Today’s court orders follow Justice Beach’s judgment, delivered on 24 May 2018, which found that Westpac on 4 dates in 2010 traded with a dominant purpose of influencing yields of traded Prime Bank Bills and where BBSW set in a way that was favourable to its rate set exposure. His Honour held that this was unconscionable conduct in contravention of s12CC of the ASIC Act.
His Honour also found in his 24 May 2018 judgment that Westpac had inadequate procedures and training and contravened its financial services licensee obligations under s912A(1)(a), (c), (ca) and (f) of the Corporations Act 2001 (Cth).
ASIC Commissioner Cathie Armour welcomed today’s decision and noted that ‘ASIC brought this litigation to hold the major banks to account for their unacceptable conduct, and to test the scope of the law in combating benchmark manipulation. ASIC actions have led to these successful court outcomes, and also contributed to new benchmark manipulation offences being enacted by Parliament, and the calculation method and administration of the BBSW being radically overhauled.’
On 5 April 2016 ASIC commenced civil penalty proceedings in the Federal Court against Westpac, alleging in the period between 6 April 2010 and 6 June 2012 (inclusive) it traded in a manner that was unconscionable and created an artificial price and a false appearance with respect to the market for certain financial products that were priced or valued off BBSW.
This mirrored proceedings brought in the Federal Court against the Australia and New Zealand Banking Group (ANZ) on 4 March 2016 (refer: 16-060MR), against National Australia Bank (NAB) on 7 June 2016 (refer: 16-183MR) and Commonwealth Bank of Australia (CBA) on 30 January 2018 (refer:18-024MR).

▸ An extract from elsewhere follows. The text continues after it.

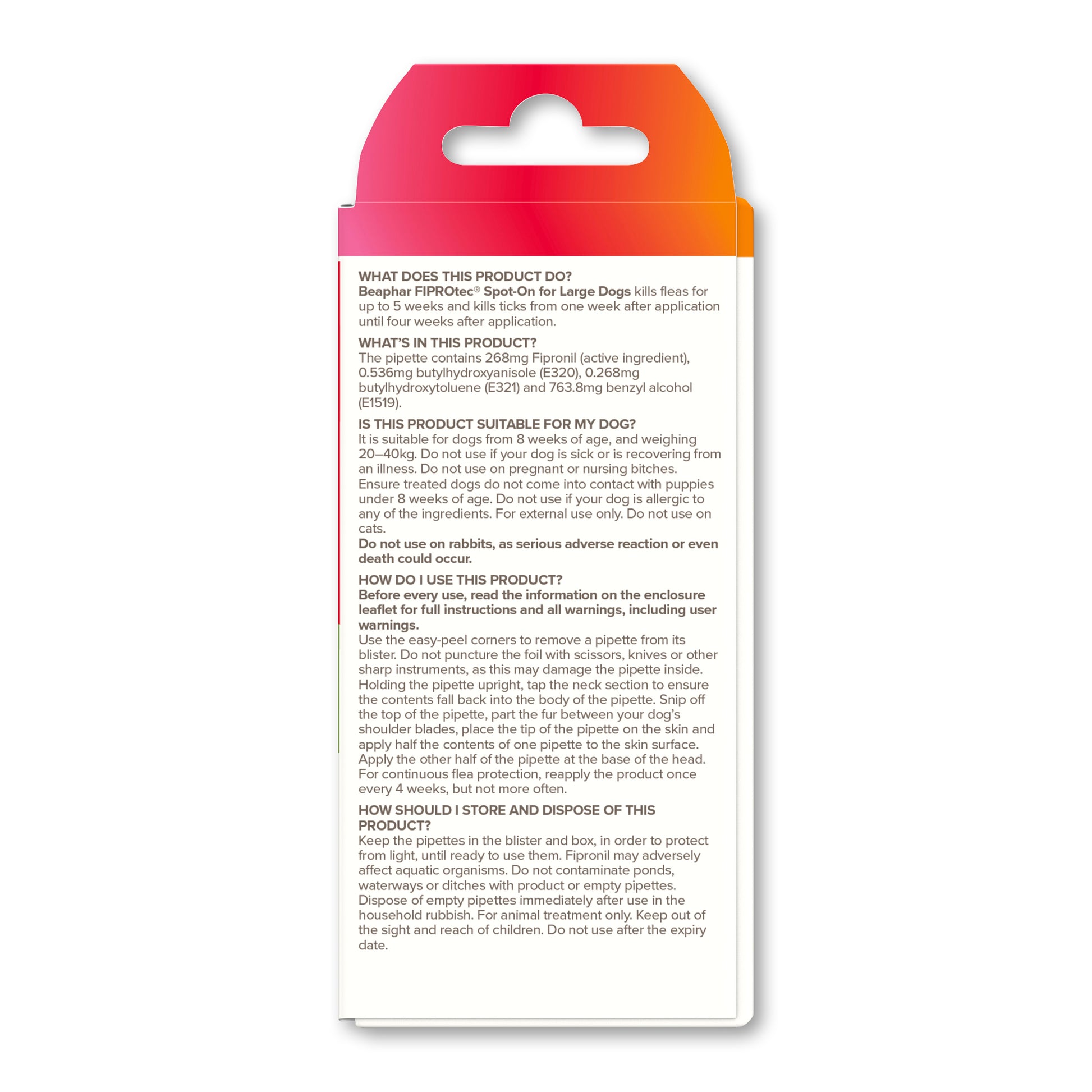 Beaphar FIPROtec® Spot-On for Large Dogs is an effective and affordable veterinary strength medicine to control fleas and ticks on your dog. Containing the well-known active ingredient fipronil, Beaphar FIPROtec® Spot-On for Large Dogs effectively kills fleas for up to five weeks and kills ticks for up to four weeks.

On 10 November 2017, the Federal Court made declarations that each of ANZ and NAB had attempted to engage in unconscionable conduct in attempting to seek to change where the BBSW set on certain dates and that each bank failed to do all things necessary to ensure that they provided financial services honestly and fairly. The Federal Court imposed pecuniary penalties of $10 million on each bank.
On 20 November 2017, ASIC accepted enforceable undertakings from ANZ and NAB which provides for both banks to take certain steps and to pay $20 million to be applied to the benefit of the community, and that each will pay $20 million towards ASIC’s investigation and other costs (refer: 17-393MR).
On 21 June 2018, the Federal Court in Melbourne imposed pecuniary penalties totalling $5 million on CBA for attempting to engage in unconscionable conduct in relation to BBSW. CBA admitted to attempting to seek to change where BBSW set on five occasions in the period 31 January 2012 to 15 June 2012.
On 11 July 2018 ASIC accepted a court enforceable undertaking to address its BBSW conduct which provides for CBA will pay $15 million to be applied to the benefit of the community and $5 million towards ASIC’s investigation and legal costs (refer: 18-210MR).
In July 2015, ASIC published Report 440, which addresses the potential manipulation of financial benchmarks and related conduct issues.
The Government has recently introduced legislation to implement financial benchmark regulatory reform and ASIC has consulted on proposed financial benchmark rules.
On 21 May 2018, the new BBSW methodology commenced (refer: 18-144MR). The new BBSW methodology calculates the benchmark directly from market transactions during a longer rate-set window and involves a larger number of participants. This means that the benchmark is anchored to real transactions at traded prices.